The present technology provides, in an aspect, an aircraft 1 having reverse thrust availability despite at least one of the protection condition(s) being met, hence overriding the protection module, at least under certain circumstances. In some embodiments, the protection module 44b is configured for conditionally and/or temporarily rendering its protection functionality ineffective despite a protection condition being met. Stated otherwise, in some embodiments, the protection module 44b is configured, provided that at least one “availability” condition is met, either for issuing availability instruction(s) to the control module 44a, or for bypassing issuance of any protection instruction(s). The availability condition(s) include the protection module 44b receiving, at least indirectly, status signal(s) indicative of the aircraft 1 being on-ground from at least one trusted sensor 60′ of the sensors 60 of the aircraft 1. The term “trusted” may refer, at least in some implementations, to the sensor 60′ meeting applicable certification requirements as to its reliability in indicating whether the aircraft 1 is on-ground or in-flight. Such trusted sensor(s) 60′ may include for example a load sensor or switch operatively connected to a landing gear of the aircraft 1, a GPS onboard the aircraft 1, a non-contact position sensor onboard the aircraft 1, an engine performance sensor of the engine 10 and an avionics sensor of the aircraft 1. The status signal(s) indicative of the aircraft 1 being on-ground may for example be a signal from the load sensor indicating the presence of a weight on wheels, a signal from the switch indicating that the landing gear is deployed, a reading of the GPS stating that the aircraft is at an altitude corresponding to that of the ground at a given geographical location, a reading from the non-contact position sensor indicating that the ground is within a predetermined range, and/or a combination of readings from avionics sensor(s) 62 (for example calibrated airspeed (VCAS) or true airspeed (VTAS), together with ambient pressure (Pamb) or ambient temperature (Tamb) and/or engine sensor(s) 64 (e.g., engine rotation speed, air mass flow rate, etc.) The status signal(s) could otherwise be indicative of the aircraft being in-flight, in which case the protection functionality may be active, i.e., the protection module 44b may be in the active state, at least under certain circumstances.
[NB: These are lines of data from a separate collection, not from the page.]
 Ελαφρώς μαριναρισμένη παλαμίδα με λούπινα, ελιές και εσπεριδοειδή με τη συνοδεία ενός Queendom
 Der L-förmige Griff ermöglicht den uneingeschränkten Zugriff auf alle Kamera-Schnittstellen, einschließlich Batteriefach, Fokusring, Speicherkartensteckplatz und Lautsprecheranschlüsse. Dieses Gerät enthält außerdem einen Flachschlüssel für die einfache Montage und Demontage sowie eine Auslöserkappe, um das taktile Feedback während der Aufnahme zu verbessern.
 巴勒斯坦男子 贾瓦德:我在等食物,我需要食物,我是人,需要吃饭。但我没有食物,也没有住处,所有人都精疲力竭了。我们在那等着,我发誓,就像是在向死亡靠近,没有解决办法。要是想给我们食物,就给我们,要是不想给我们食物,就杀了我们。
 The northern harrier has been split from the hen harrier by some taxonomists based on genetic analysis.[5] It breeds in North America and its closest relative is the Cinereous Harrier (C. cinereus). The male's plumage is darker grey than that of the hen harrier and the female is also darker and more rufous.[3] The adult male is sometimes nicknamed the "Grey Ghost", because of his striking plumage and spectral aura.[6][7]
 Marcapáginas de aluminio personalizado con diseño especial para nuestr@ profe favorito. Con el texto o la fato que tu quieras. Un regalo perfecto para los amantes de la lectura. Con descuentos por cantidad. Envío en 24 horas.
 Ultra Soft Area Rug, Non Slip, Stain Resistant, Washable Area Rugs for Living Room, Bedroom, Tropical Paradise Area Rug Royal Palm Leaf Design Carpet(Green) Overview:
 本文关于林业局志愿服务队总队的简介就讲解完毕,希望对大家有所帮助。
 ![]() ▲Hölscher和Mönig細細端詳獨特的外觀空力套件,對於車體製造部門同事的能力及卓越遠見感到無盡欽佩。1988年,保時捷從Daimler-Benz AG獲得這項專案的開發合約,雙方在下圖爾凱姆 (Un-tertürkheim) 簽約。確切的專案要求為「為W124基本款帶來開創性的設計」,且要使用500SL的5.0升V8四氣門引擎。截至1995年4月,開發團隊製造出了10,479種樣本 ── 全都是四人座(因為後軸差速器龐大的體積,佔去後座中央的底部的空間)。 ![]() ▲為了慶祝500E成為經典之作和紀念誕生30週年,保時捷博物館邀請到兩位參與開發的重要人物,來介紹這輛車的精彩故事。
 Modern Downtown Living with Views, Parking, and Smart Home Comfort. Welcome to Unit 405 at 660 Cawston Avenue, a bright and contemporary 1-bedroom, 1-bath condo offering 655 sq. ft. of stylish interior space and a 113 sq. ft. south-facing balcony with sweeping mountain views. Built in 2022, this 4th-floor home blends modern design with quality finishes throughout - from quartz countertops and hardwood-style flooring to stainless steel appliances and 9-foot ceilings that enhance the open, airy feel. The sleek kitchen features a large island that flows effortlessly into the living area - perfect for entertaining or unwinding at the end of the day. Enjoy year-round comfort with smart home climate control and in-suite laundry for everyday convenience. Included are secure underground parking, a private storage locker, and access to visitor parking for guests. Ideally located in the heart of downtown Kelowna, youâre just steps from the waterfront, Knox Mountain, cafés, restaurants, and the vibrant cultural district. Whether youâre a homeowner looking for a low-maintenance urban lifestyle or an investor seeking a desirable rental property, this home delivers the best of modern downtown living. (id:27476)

Although the control module 44a and the protection module 44b are described as distinct modules of the engine controller 44, it should be noted that it is contemplated that in some implementations, they may be provided as a sole module and/or may be a part of the aircraft controller 42.

In some embodiments, the control system 40 includes a so-called reverse thrust preservation module 44c (or simply “preservation module” 44c, FIG. 1) configured to receive the status signal(s) and to override the protection module 44b upon the status signal(s) being indicative of the aircraft 1 being on-ground such that the reverse thrust system 30 is operable according to the input signal. Such overriding by the preservation module 44c can be implemented in several ways. In some such embodiments, the preservation module 44c is coupled to the protection module 44b, and receives the status signal(s) as well as fault signal(s). Upon at least one availability condition being met, should a protection condition be met, the preservation module 44c sends a signal to the protection module 44b indicative of no protection condition being met, thereby effectively masking the occurrence of a protection condition being met. Absent any availability condition being met, should a protection condition be met, the preservation module 44c sends a signal to the protection module 44b indicative of a protection condition being met. In such embodiments, the protection module 44b may be said to receive status signal(s) and fault signal(s) via the preservation module 44c, at least under certain circumstances. In other embodiments, upon at least one availability condition being met, should a protection condition be met, the preservation module 44c issues availability instructions to the control module 44a, thereby bypassing the protection module 44b entirely. Absent any availability condition being met, should a protection condition be met, the preservation module 44c sends a signal to the protection module 44b indicative of a protection condition being met. In some embodiments, the preservation module 44c may be a part of the protection module 44b. In other such embodiments, the preservation module 44c is configured to bypass the protection module 44b upon the status signal(s) being indicative of the aircraft being on-ground, to allow the control module 44a to control the reverse thrust system 30 regardless of the protection module 44b being in the active state or in the disabled state.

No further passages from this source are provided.